🧠 AI⚪ NeutralImportance 6/10

Interpreting FCDNNs via RG on Exponential Family

arXiv – CS AI|Fuzhou Gong, Zigeng Xia|June 2, 2026 at 04:00 AM

🤖AI Summary

Researchers establish a theoretical bridge between renormalization group (RG) methods from statistical physics and deep neural network training, proving that optimal DNN parameters correspond to RG fixed points for exponential family distributions. This work extends prior results from discrete to continuous data, providing mathematical foundation for understanding why deep learning effectively extracts features from real-world datasets.

Analysis

This research addresses a fundamental gap in deep learning interpretability by connecting statistical physics principles to neural network behavior. The authors demonstrate that when fully connected DNNs optimize their parameters during training, the characteristic parameters of feature layer outputs match the fixed points that renormalization group methods produce when applied to input data distributions.
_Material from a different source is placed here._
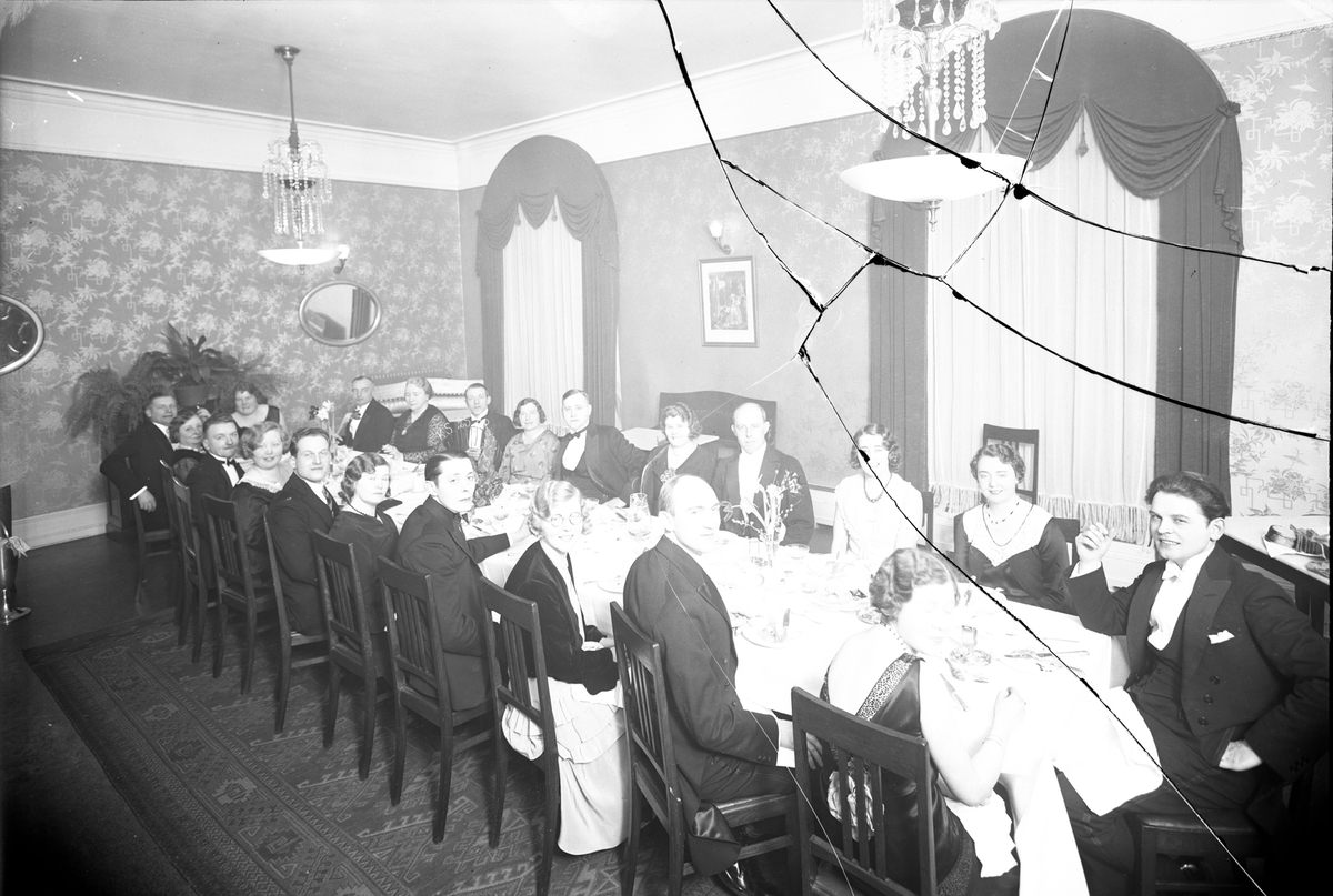 Frisörföreningen i Kalmar 08/24, glasplåten trasig men på bild två digitalt lagad.

This equivalence suggests that DNNs inherently perform a similar mathematical operation to RG calculations, which compress complex systems by identifying invariant features across different scales.
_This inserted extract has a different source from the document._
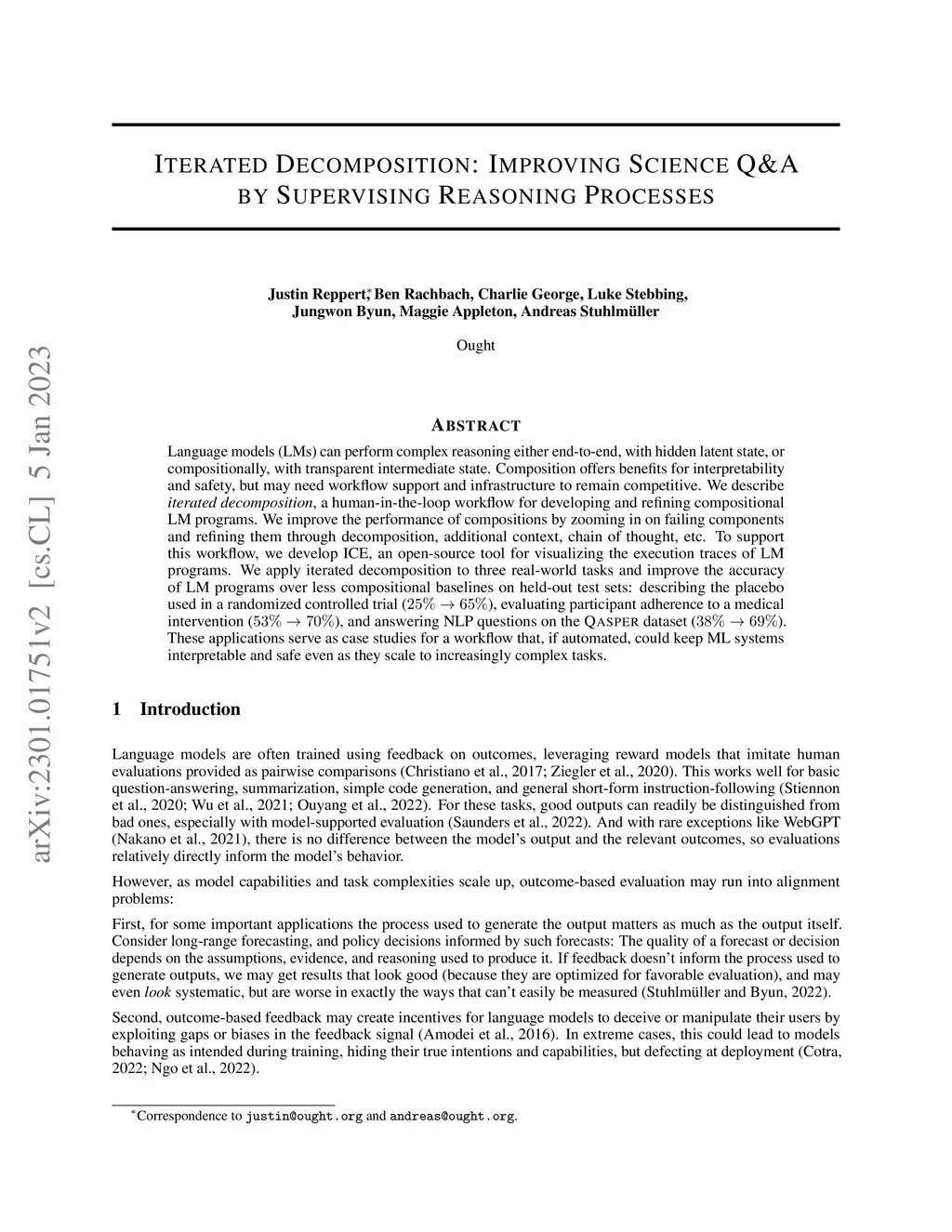 Iterated Decomposition: Improving Science Q&A by Supervising Reasoning

The work builds on previous foundations established with discrete data (the one-dimensional Ising model) and now extends to continuous exponential family distributions, bringing the framework closer to real-world applicability. Exponential family distributions represent a broad class encompassing normal, gamma, exponential, and Poisson distributions—foundational models across statistics and machine learning. By proving this correspondence holds for such distributions, the authors strengthen the theoretical scaffolding supporting DNN interpretability.

The implications reach beyond academic theory into practical understanding. DNNs have achieved remarkable empirical success on real-world data despite incomplete theoretical understanding of their mechanisms. This research explains that success through a physics-inspired lens: networks perform dimensionality reduction and feature extraction by converging to renormalization group fixed points, automatically identifying the most relevant structural features in data while discarding noise and redundancy.
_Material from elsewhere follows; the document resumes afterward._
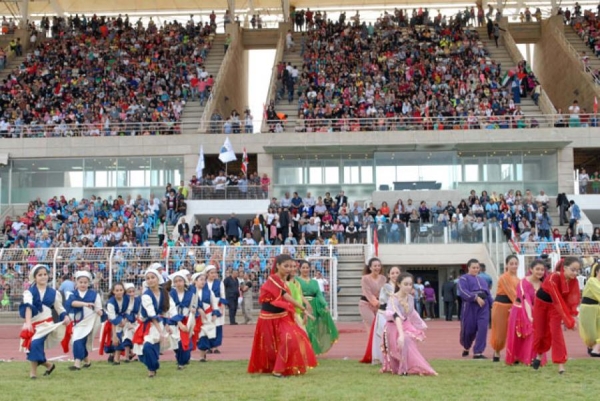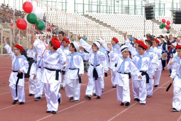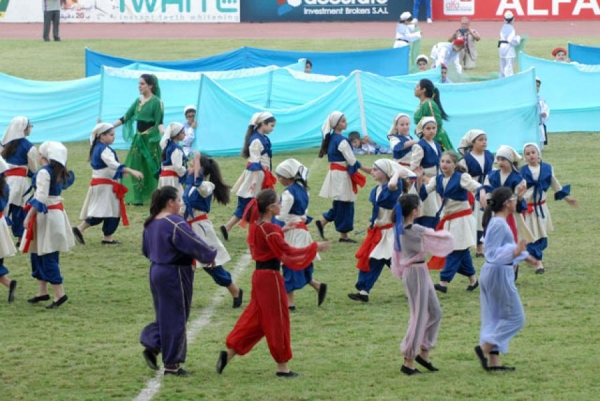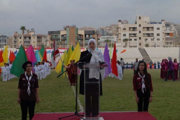 تحت شعار " إسمك يا صيدا" وأمام جمهور بالآلاف امتلأت به المدرجات الرئيسية لمدينة رفيق الحريري الرياضية قدم مئات التلامذة من عدد من مدارس صيدا والجوار الرسمية والخاصة والأونروا لوحات فنية وتراثية راقصة في اطار مهرجان الفولكلور الوطني المدرسي الذي اقامته الشبكة المدرسية لصيدا والجوار بالتعاون مع بلدية المدينة برعاية رئيسة لجنة التربية والثقافة النيابية النائب بهية الحريري ، فتحولت ارض ملعب صيدا الى مساحة تضج بالفرح والابداع الذي عبرت عنه مواهب التلامذة ولوحة فنية وطنية رسمتها قاماتهم وازياؤهم الملونة، وحضر فيها تراث صيدا وبحرها وصيادوها وعمالها والتراث الشعبي اللبناني بأطول حلقة دبكة شكلتها المدارس المشاركة .

Future research should explore whether this framework extends to other network architectures beyond fully connected networks, particularly convolutional and transformer models that dominate modern applications. Validating these theoretical predictions on practical datasets would demonstrate whether the mathematical correspondence translates into actionable insights for network design and optimization.

Key Takeaways

→DNN training is mathematically equivalent to applying renormalization group methods from statistical physics to input data distributions.
→Optimal DNN parameters converge to fixed points that match characteristic parameters produced by RG calculations on exponential family data.
→This theoretical framework explains how DNNs extract main features from data similarly to how RG methods identify invariant properties across scales.
→Results extend from discrete (Ising model) to continuous data distributions, advancing applicability to real-world datasets.
→The correspondence validates DNN performance and provides foundational theory for understanding deep learning interpretability.